Fourth, Indians have oceans of patience, which can drive Westerners crazy, but it gives them a special strength in negotiations. This patience is derived from deeply held spiritual views such as impermanence — Indians are constantly reminded of the impermanence of this life, everything changes, and they can wait when often we cannot.

Fifth, do not believe that the Indian economic miracle is just driven by call centres and IT. Important as these are, look also at energy, retail, manufacturing, pharmaceuticals and even agriculture (did you know India is the second-largest wheat producer?).

This economy is more driven by domestic demand than, for example, is China's, so deriving its long-term strength. Already the IT industry is changing in India, as much of the "grunt" work is actually outsourced to South-East Asia while Indian companies take a firmer grip on high-value knowledge work.
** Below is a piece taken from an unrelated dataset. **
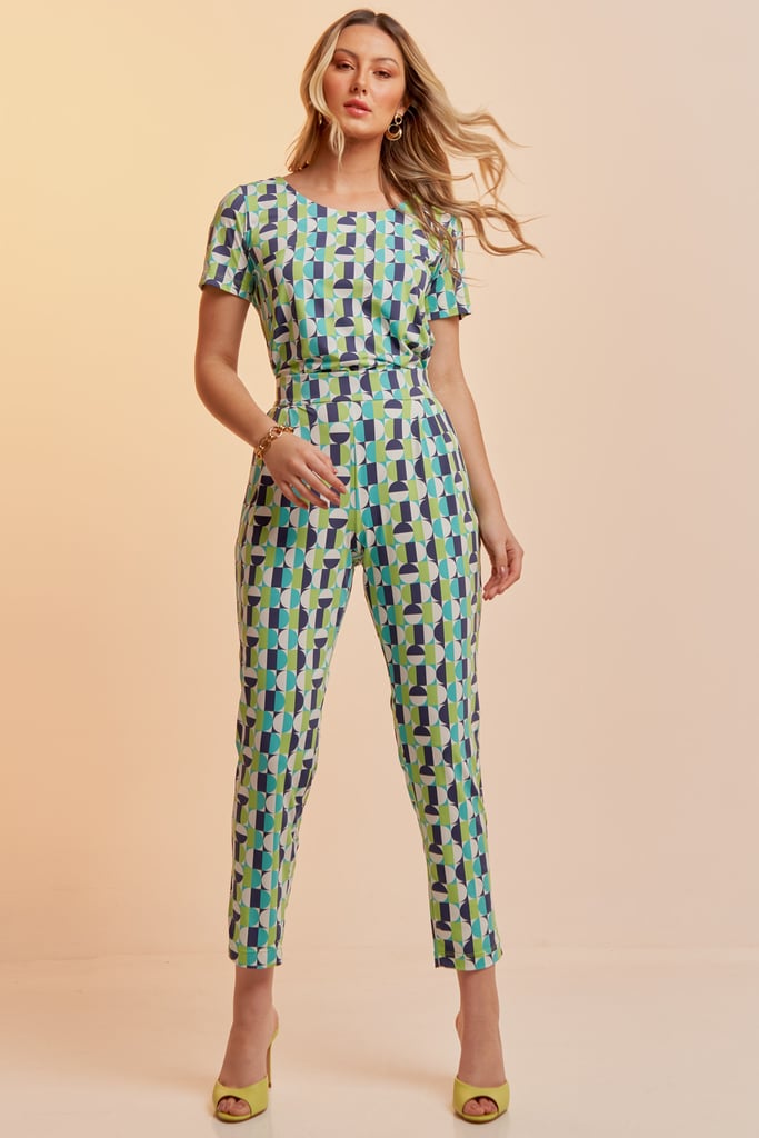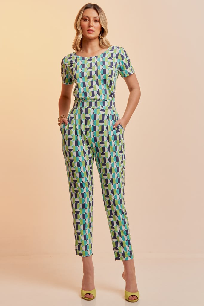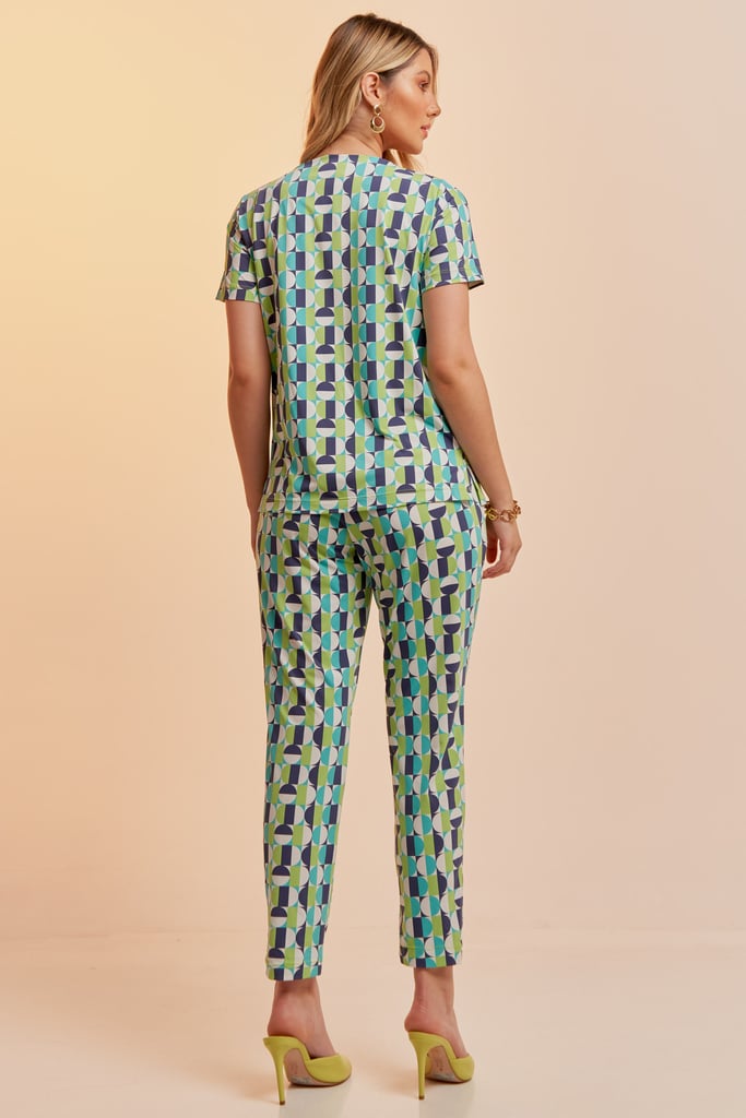 Conjunto de blusa e calça confeccionado em Fluity com estamparia exclusiva. Blusa possui decote redondo e manga curta. Calça traz nossa modelagem clássica reta com pregas frontais, bolsos laterais e cós com elástico nas costas para garantir conforto à peça

Sixth, the dragon (China) and the elephant (India) have discovered that they can dance, and soon China will become India's major trading partner. Competitors are becoming collaborators and politicians are pushing this hard, as decades of acrimony and mistrust begin to diminish.

So, Western business and political leaders need to be aware that the Indians coming to global negotiating tables and forums like the nuclear club and APEC will be leaders who confidently see that this century belongs to the East.
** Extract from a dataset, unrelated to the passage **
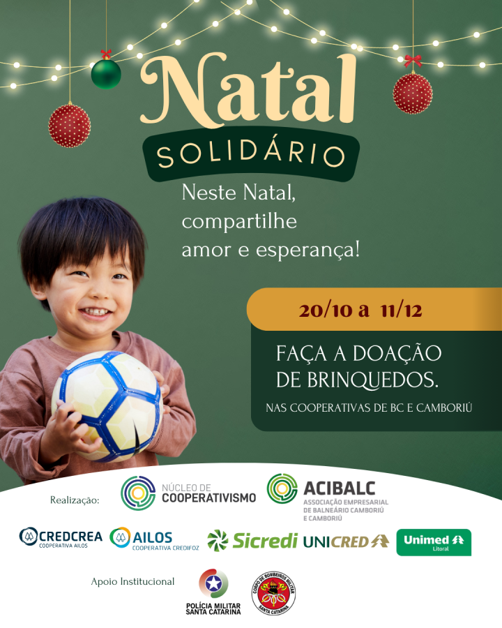 O espírito de solidariedade e união entre cooperativas marca mais uma ação do Núcleo de Cooperativismo da Associação Empresarial de Balneário Camboriú e Camboriú - ACIBALC. Desde o dia 20 de outubro, o núcleo realiza uma campanha de arrecadação de brinquedos com o objetivo de proporcionar um Natal mais alegre para crianças em situação de vulnerabilidade nos dois municípios.
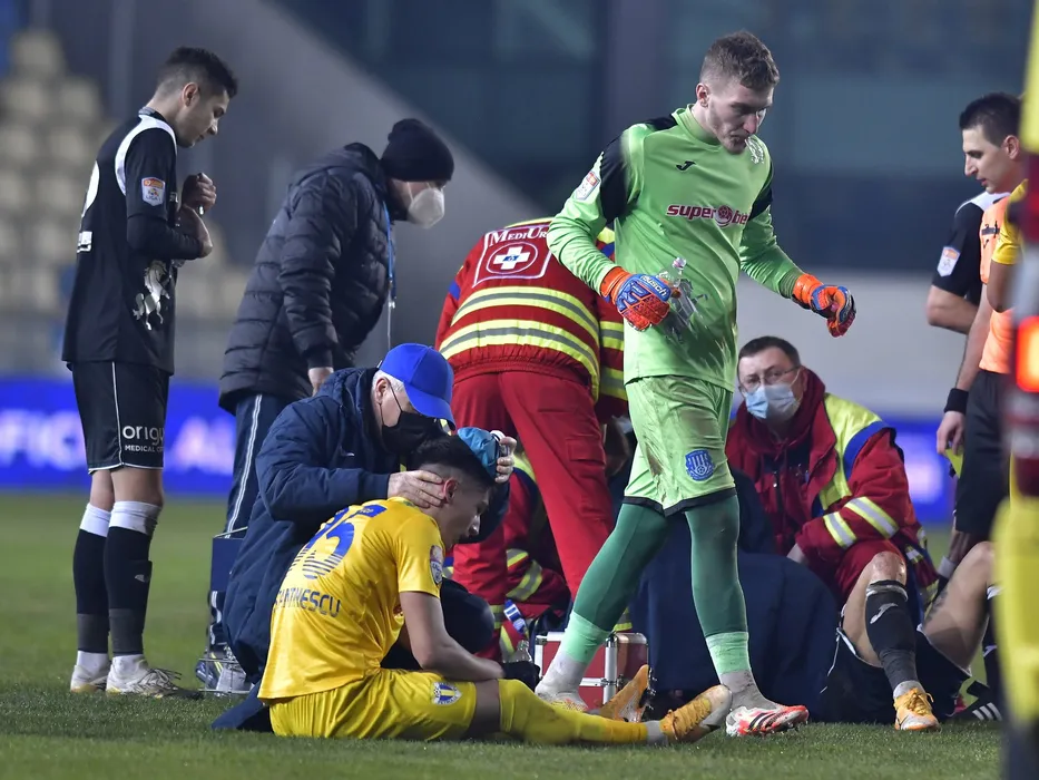 Iulian Alexandru Zaharia, Mihai Constantinescu si Ianos Brinza in meciul de fotbal dintre Petrolul Ploiesti si CSM Politehnica Iasi, contand pentru Cupa Romaniei, desfasurat fara spectatori pe Stadionul Ilie Oana din Ploiesti, marti 9 februarie 2021. © FOTO:Razvan Pasarica/SPORT PICTURES

Seventh, while India feels great about the success of "Asia", in many ways it does not feel particularly "Asian". Indians feel Indian. To them, that is more relevant than being geographically part of Asia.

Eighth, whether dealing with the young or the old, in India never forget the "Father of the Nation", Mahatma Gandhi. So when Gandhi said there was enough in the world for everyone's need but not everyone's greed, your Indian counterpart will have this in mind.

When he scorned Western civilisation (on being asked what he thought of Western civilisation he said it would be "a good idea") this might account for the smile on the other side of the table, for Indians do not necessarily see Western leaders as representing a wonderful society.

Ninth, partly because of Gandhi, while the importance of "freedom" justifies actions in the US and other parts of the West, your Indian counterparts will be preoccupied with "freedom and equity", seeing little value in giving people the vote but no fair share of the food, and so on. Indian leadership needs more than the rallying cry of "democracy" to make it enthused.

Tenth, while many in the West see India as a "developing" country and may underestimate its desire to make an impact, the position it has taken at the WTO and other global forums is a sign that India has no intention of being a bit player in the world. Invite India in and you can expect them to want to be at the head of the table, making the running.

India will be a great power. Inviting India into APEC makes a lot of sense, so long as the members, including Australia, realise that this truly means an elephant will be in the room.

Stephen Manallack is a former chief executive of the Australia India Business Council.